Of course, let me delete what I’ve just said because then there are days of righteousness like today. I woke up this morning only to be notified by FB that my son’s former friend was celebrating another birthday. Perhaps, I’m reading it wrong, but this young man isn’t the most selfless young man around. Years ago, he abandoned my son after my son helped him relocate to another state across the country. My son had high hopes of moving to that state also, but, in the end, my son’s travel companion threw him out of his vehicle along with his luggage. My son later informed me that a Good Samaritan helped him pick up and reorganize his belongings that were flying all over the place. I remember picking up my son a week later at the airport. I remember how I kept the “I told you so” lecture to myself. Most of all, I remember the relief of seeing the sight of my stocky, healthy son standing in front of me alive and well. I forget what month it was, but it wasn’t in November. I disdain November as much as I disdain October, because October leads into November.

So November kicked off with this young man that apparently took advantage of my son celebrating another year alive. Yippee! He has a great job. A wife and child. I don’t know if he has another child on the way, because a mere glance at his Facebook page is a recipe for code red pain. Needless to say, this young man never even reached out to me when my son passed away. Of course, most of the other young adults that grew up with my son didn’t reach out to me either. I know. I know. I have no control of these things. Who knows why good things happen to not-so-good people sometimes, but today is one of those days in which I simply want a just, punishing God to bludgeon evildoers!

Ironically, last year when tragedy struck in November, I couldn’t wait for the year to pass. I surmised that my womb of grief would feel a reprise from the agony. But grief is different from pain. Grief does not heal in the sense of disappearing. It finds its own space and you learn to live with it like a low-grade headache.

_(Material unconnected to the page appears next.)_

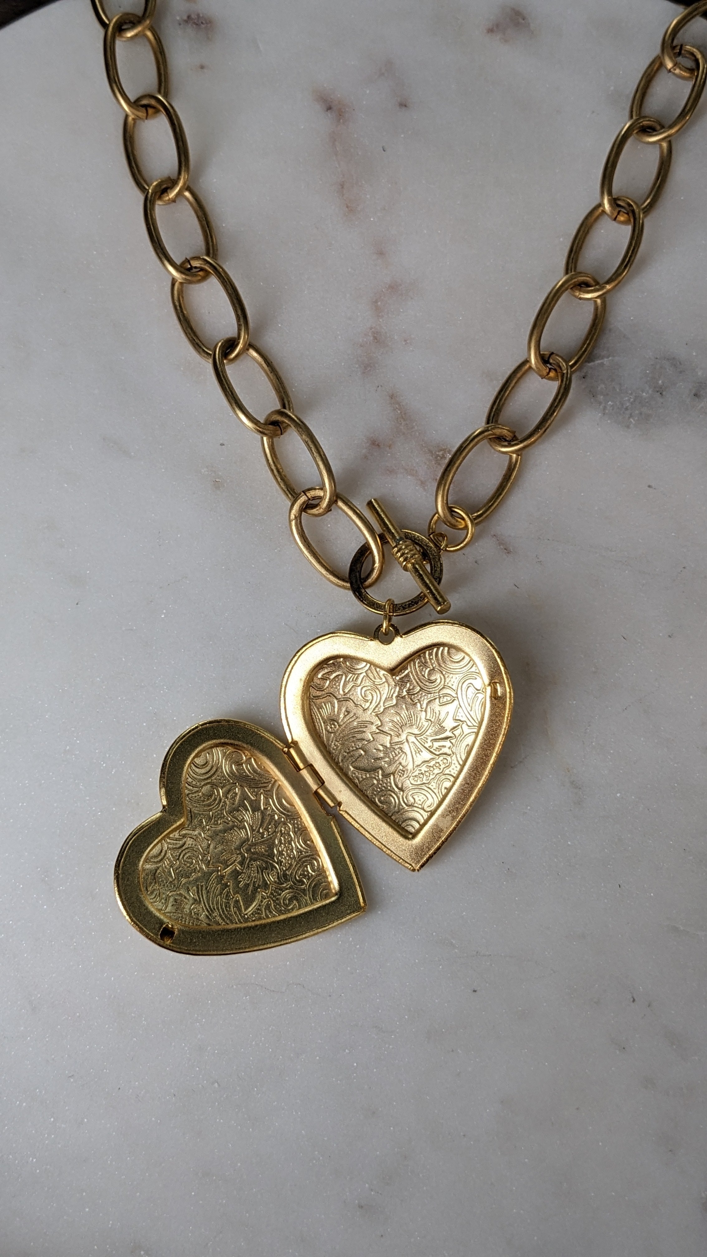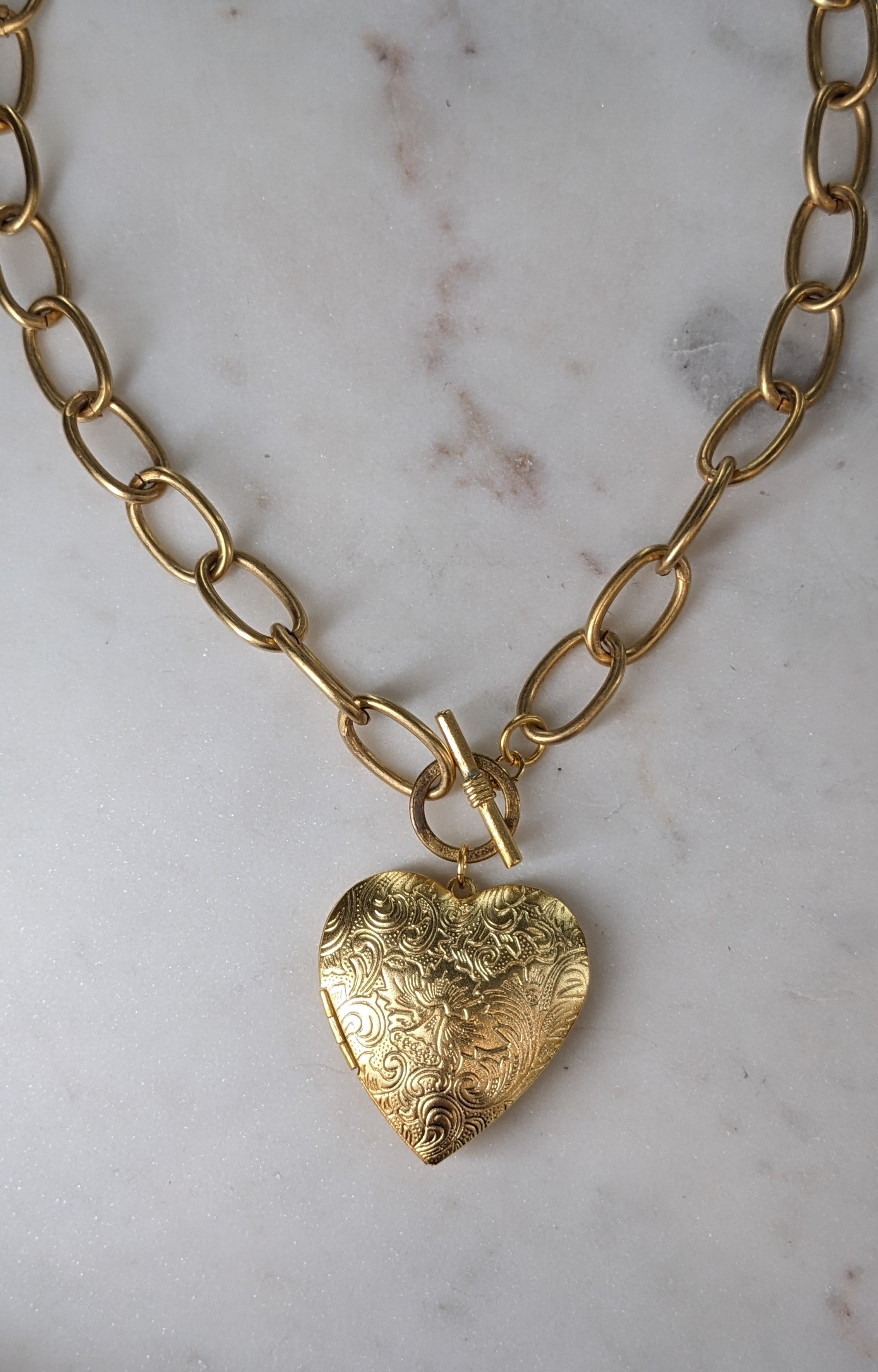 Large baroque heart locket on gold link toggle chain

Autumn Leaves — Eva Marie Cassidy

Now in reality, each day closer to the actual day of my son’s death anniversary feels like my low-grade headache is about to explode into a migraine. As everyone around me prepares for Thanksgiving and Christmas, I try and maneuver through a landmine. I am grateful to the pandemic, because I don’t have to deal with too many insensitive earthlings. I limit Facebook (except for days like today when it intrudes on my woman cave). In addition, I have stored all of my son’s photos and memorabilia away, because there is no solace in “happy memories,” only regrets and sorrow and an end of a chapter in its raw beginning and not in its end with a proper conclusion.

Nonetheless, when I have to deal with earthlings, including my boss and the few around me, I try and proceed, acting as if I have faith that I won’t wither and just die like the autumn leaves. However, I think the ones who really know me realize my sweet, almost child-like optimism is gone. In essence, I wish I could fake a cake of a smile and make deliciously yummy talk, but I won’t hurt myself in that manner. As my therapist said early on. “This sucks!”

In all certainly, I hope no one ever has to live through losing a child. Of course, this notion is not realistic. With this idea in mind, getting back to my son’s former friend, I guess, I’m glad his mom doesn’t have to feel the unbearable pain that feels like losing a right arm without the numbing effect of anesthesia. As much as it hurts for me, I’m glad the young man, whom I can’t help but dislike, is celebrating his birthday. What it means is that maybe one day he can, maybe, do one small act of kindness for someone else and get a stab of feeling compassion and empathy. Selfishness may feel satisfying, but it takes a lot of fuel to run a tank that’s always hitting empty. On the other hand, selflessness is an act of faith that fills the spirit with renewable energy that feeds you at supremely satisfied levels.